INTRODUCTION

Actin is an abundant and ubiquitous protein which is widely distributed in eukaryotes and is involved in a variety of cellular functions, such as muscle contraction, cell motility, maintenance of cell shape, cell migration and cytokinesis. Multiple actin isoforms, six in higher vertebrates, have been distinguished (Vandekerckhove and Weber, 1978). They are highly conserved in the primary sequence (Herman, 1993) and exhibit similar functional properties in in vitro biochemical assays (Rubenstein, 1990). However, the actin isoforms exhibit distinct expression patterns and differential localization in the cytoplasm of a variety of cells (Herman, 1993; Arx et al., 1995; Hayakawa et al., 1996), suggesting that they may play somewhat different roles in the cytoplasm. Such difference may be partly due to their intrinsic nature and differential interaction with actin-binding proteins. Recently, novel genes encoding for the proteins (actin-related proteins; Arps) related in primary sequence to conventional actins were reported (Mullins et al., 1996; Frankel and Mooseker, 1996).
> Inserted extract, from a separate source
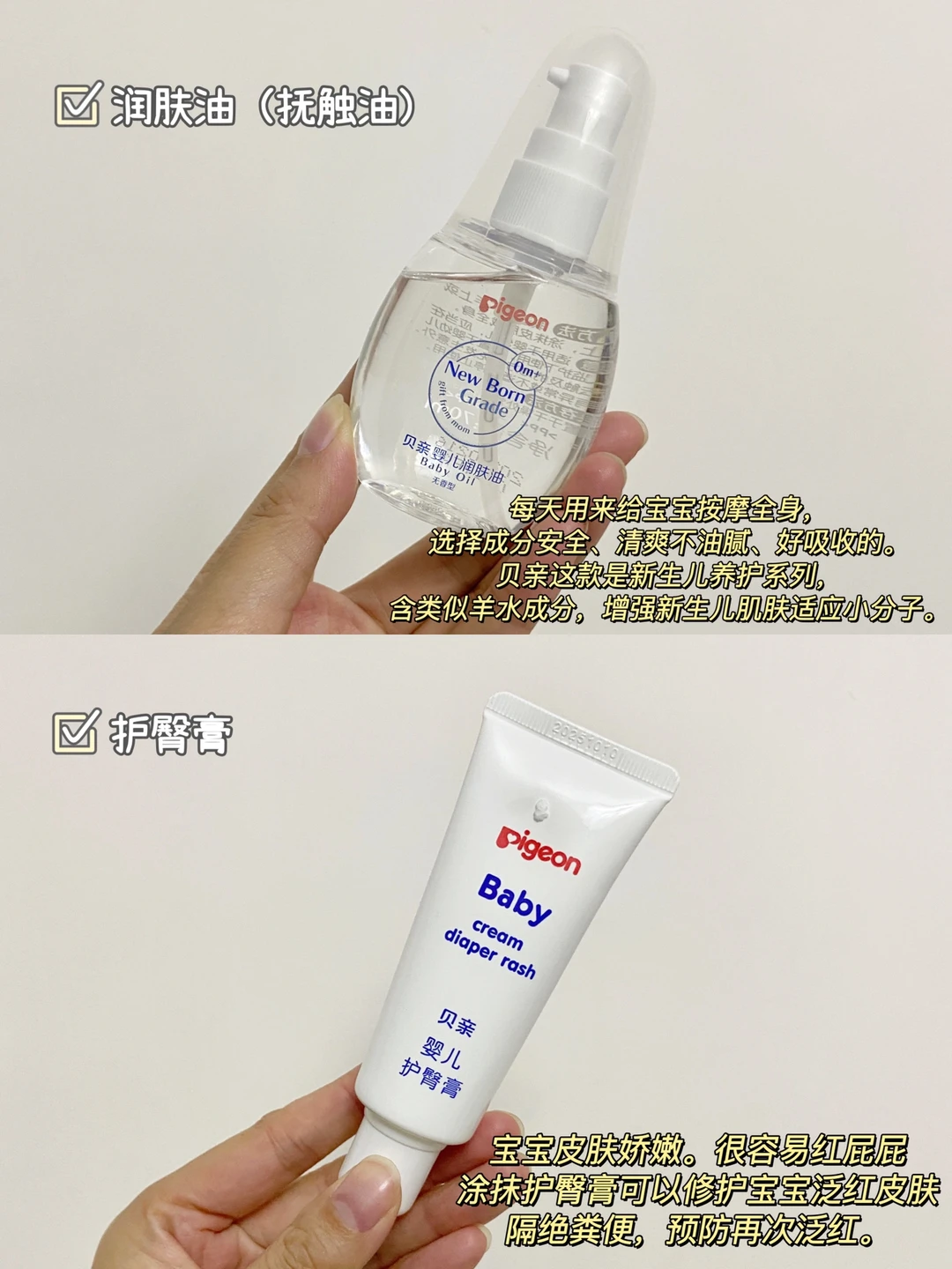 此外还要准备好润肤油,每天用来给宝宝按摩全身。选择成分安全、清爽不油腻、好吸收的。贝亲这款是新生儿养护系列,含类似羊水成分,增强新生儿肌肤适应小分子。相对来说会比较清爽,不黏糊,而且性价比很高,怎么用都不心疼。皮肤娇嫩容易红屁屁的宝宝,使用护臀膏可以修复皮肤、隔离粪便预防再次泛红,选择时要注意选择不含激素、好推开不厚重的。

They are regarded as constituting an actin-superfamily together with conventional actin isoforms and HSC70. These actin-related proteins have been classified into Arp1, Arp2, Arp3, Arp4, Arp5 and Arp6, and several variants have been described in each class (Mullins et al., 1996; Frankel and Mooseker, 1996). The sequence homology to conventional actin has described as about 53-54% (Arp1), 47% (Arp2), 35-40% (Arp3), respectively (Schroer et al., 1994; Mullins et al., 1996; Frankel and Mooseker, 1996). Among these actin related proteins, Arp1 (also called centractin or actin RPV) is a class of protein most related to conventional actin as judged by the primary sequence (Mullins et al., 1996; Frankel and Mooseker, 1996), the tertiary structure (Mullins et al., 1996) and the functional properties (Schroer 1994; Schroer et al., 1996). Recently, it was suggested that Arp1 copolymerizes with conventional actin in vitro (Melki et al., 1993), although Arp1 was originally detected as a major component in the dynactin complex, a cytoplasmic dynein activator (Gill et al., 1991; Schafer et al., 1994). Therefore, it seems likely that Arp1 modulates actin assembly and/or actin filament organization, although very little is known as to the details.

We have been concentrating our studies on actin dynamics during muscle differentiation for some time (Obinata, 1993). During muscle development, actin isoforms switch from non-muscle (β, γ) types to sarcomeric (a) types. In addition, dynamic redistribution of actin occurs as muscle differentiation progresses. In developing muscle cells, a considerable amount of actin is pooled as monomer in the cytoplasm (Shimizu and Obinata, 1986) and actin filaments are detectable mostly in the cortical region of the cells at the early stage of myofibrillogenesis (Antin et al., 1986). As myofibrillogenesis progresses, the cortical actin filaments may be redistributed into thin filaments of myofibrils and, on the other hand, newly synthesized G-actin is assembled into the thin filaments (Obinata, 1993). Several actin-binding proteins involved in the process of actin reorganization have been characterized. Since the expression of Arp1 in muscle tissues has been briefly described (Clark et al., 1994), it is assumed that Arp1 may play some role in the process of actin filament organization in developing muscle in addition to the actin-binding proteins.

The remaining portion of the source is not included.